In the presalt Santos basin off Brazil’s south coast, the company is pressing ahead with plans to raise production from the giant Búzios field above 2 MMboe/d by the end of the decade. It has contracted Keppel Shipyard to build the field’s seventh FPSO, due to be delivered in 2024. This will be connected to six producer and seven injector wells via a network of rigid and flexible pipelines, and with capacity to process 180,000 b/d of oil and 7.2 MMcm/d of gas. In addition, Petrobras is inviting bids for a ninth floater, P-80, designed to handle 225,000 b/d and 12 MMcm/d.


The Falkland Islands government has granted local E&P company Argos Resources an extension to the PL001 license in the offshore North Falkland basin until May 1, 2022. Argos is seeking partners to drill a commitment well, which could test various vertically stacked sandstone prospects of similar age to Harbour Energy’s nearby Sea Lion oilfield.

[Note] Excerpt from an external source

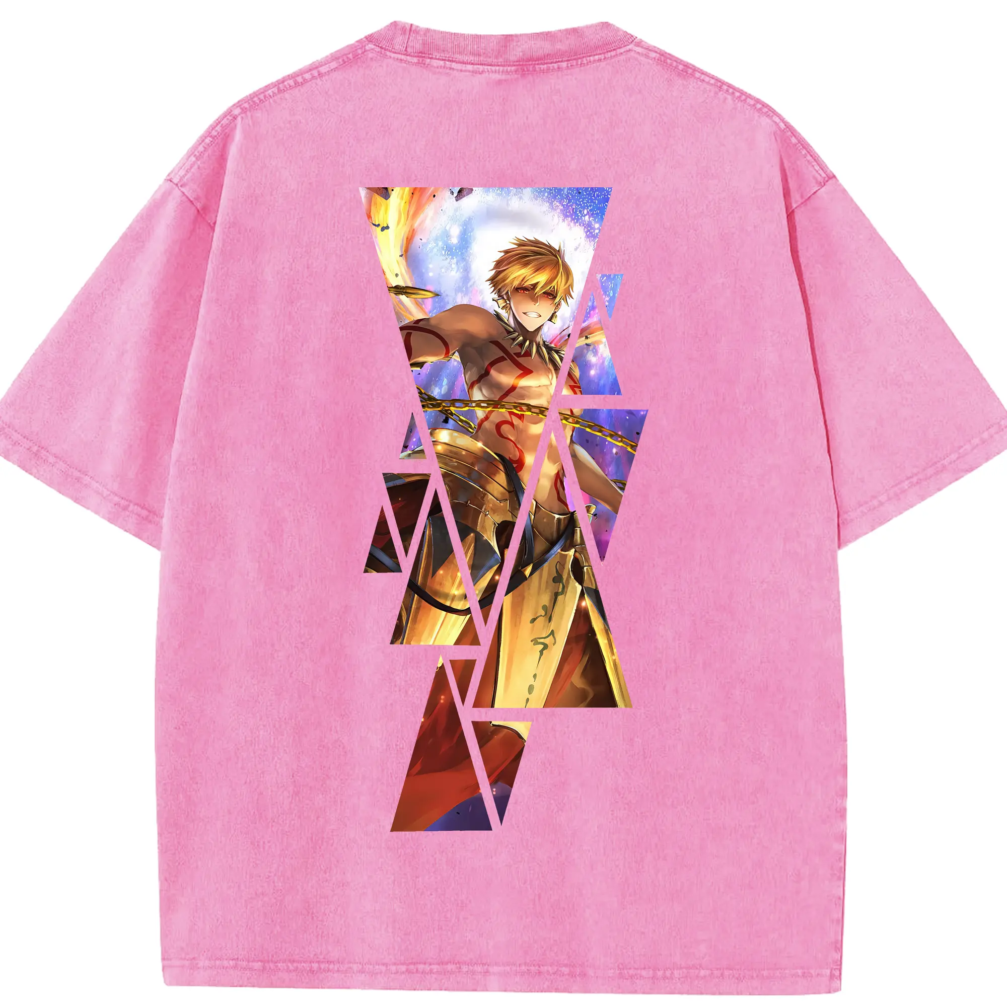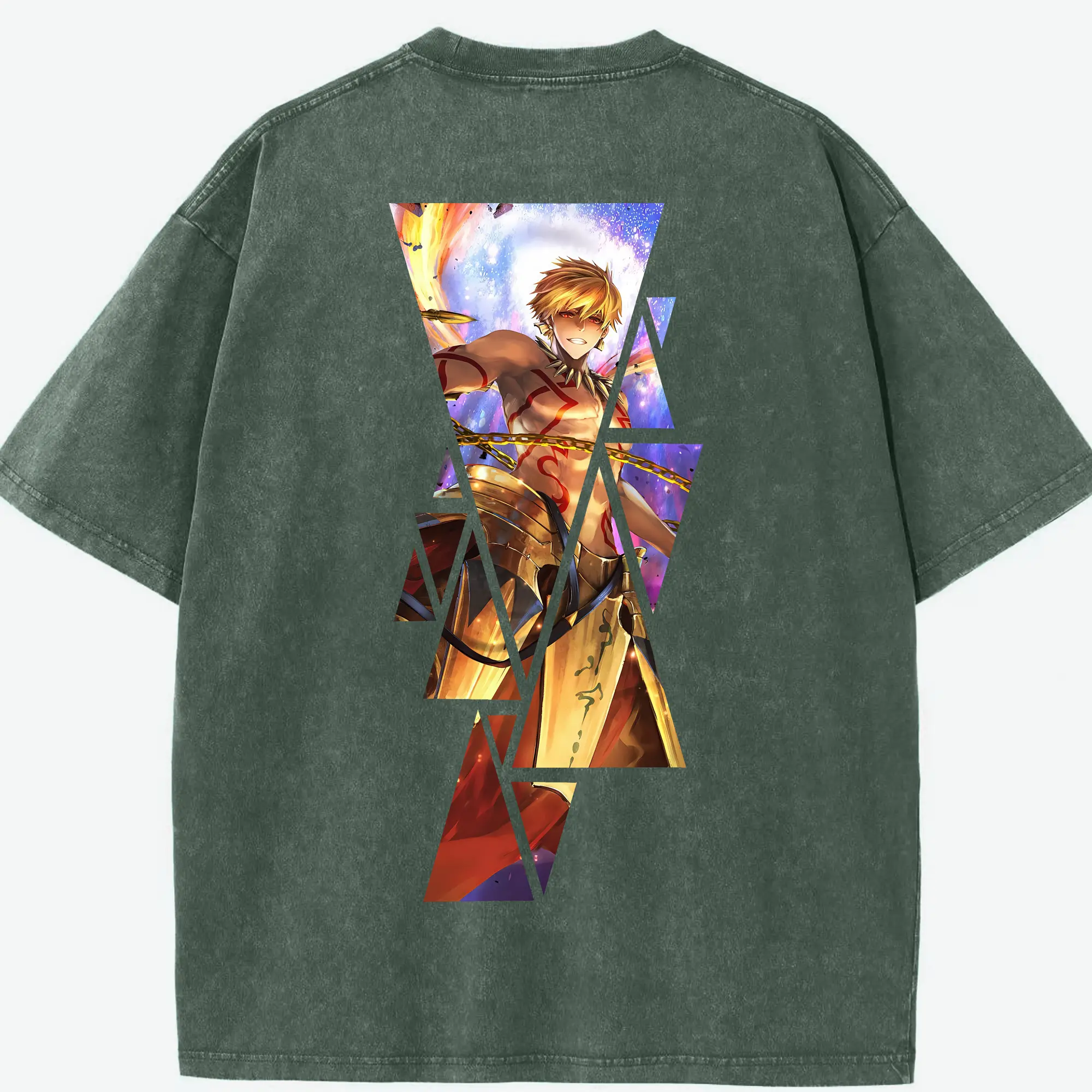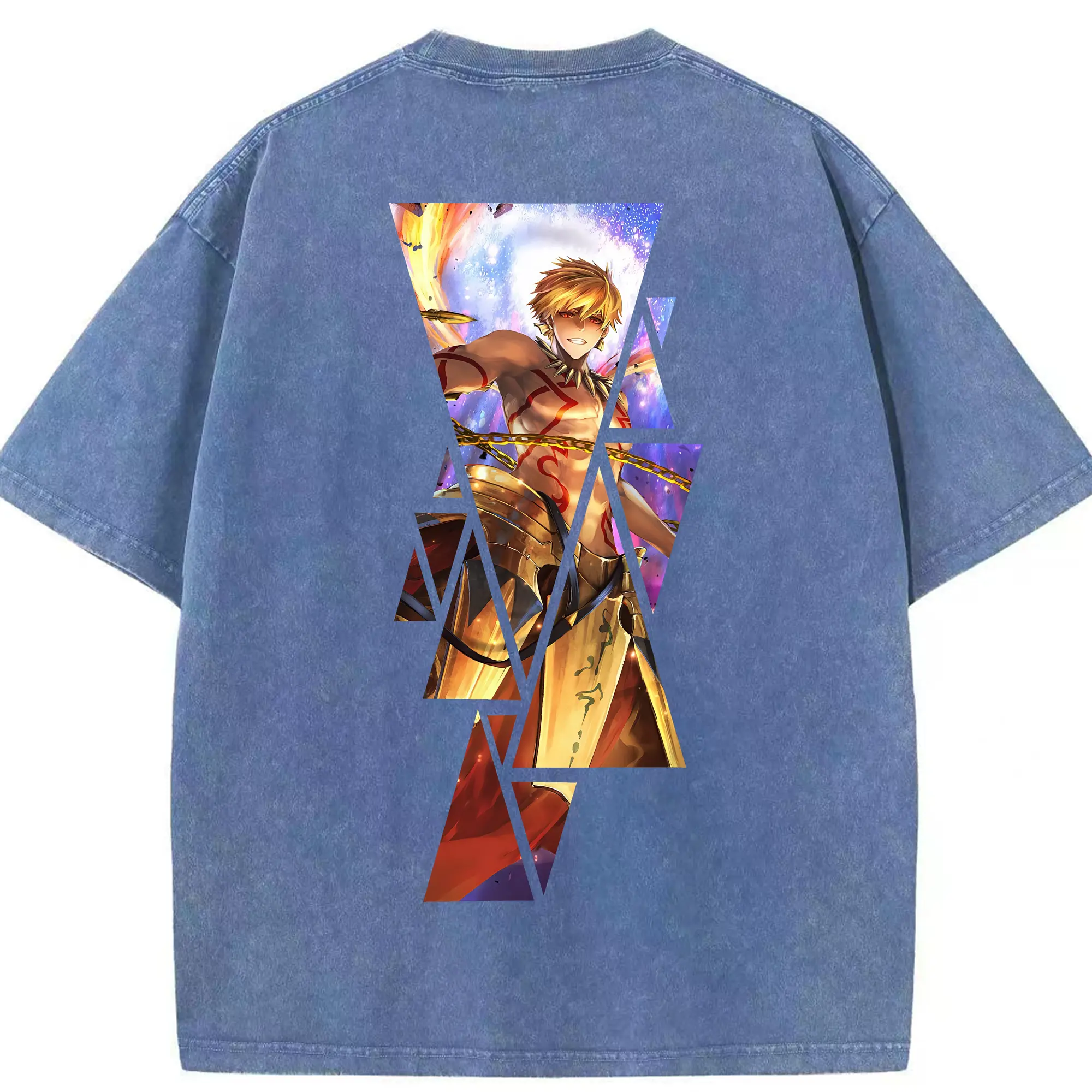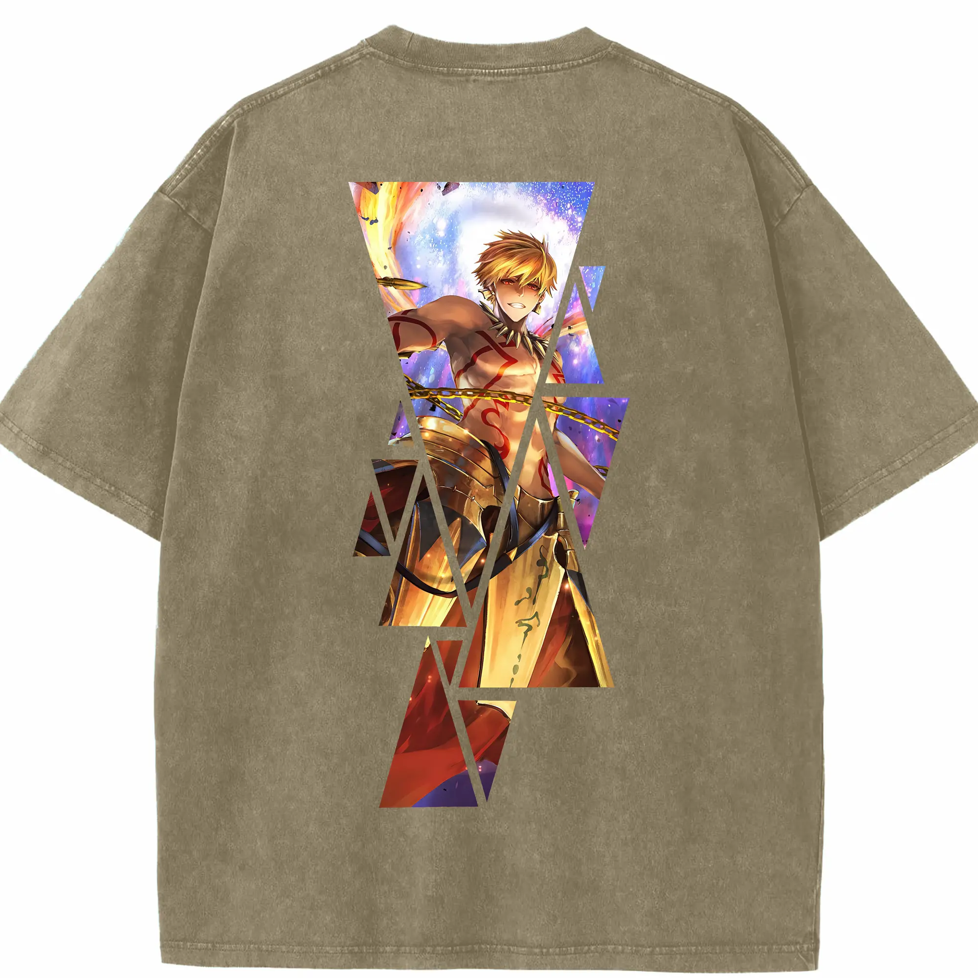 FGO グッズ,ギルガメッシュ - 綿100% ヴィンテージ風 半袖Tシャツ ・ フロントプリント ・ 柔らか肌触り ・ 通気性 快適 ・ スポーツ カジュアル 外出用

ADM Energy and Eunisell have agreed to jointly explore opportunities to develop the Barracuda oilfield in swamp/shallow waters in Nigerian offshore lease OML 141. The scope could include an early production system producing 4,000 b/d later this year. With potential to raise output to 23,000 b/d by 2026 by drilling two further wells. A 7.5-mi (12-km) pipeline taking the oil to the Brass Export Terminal could lower opex costs to $12/bbl.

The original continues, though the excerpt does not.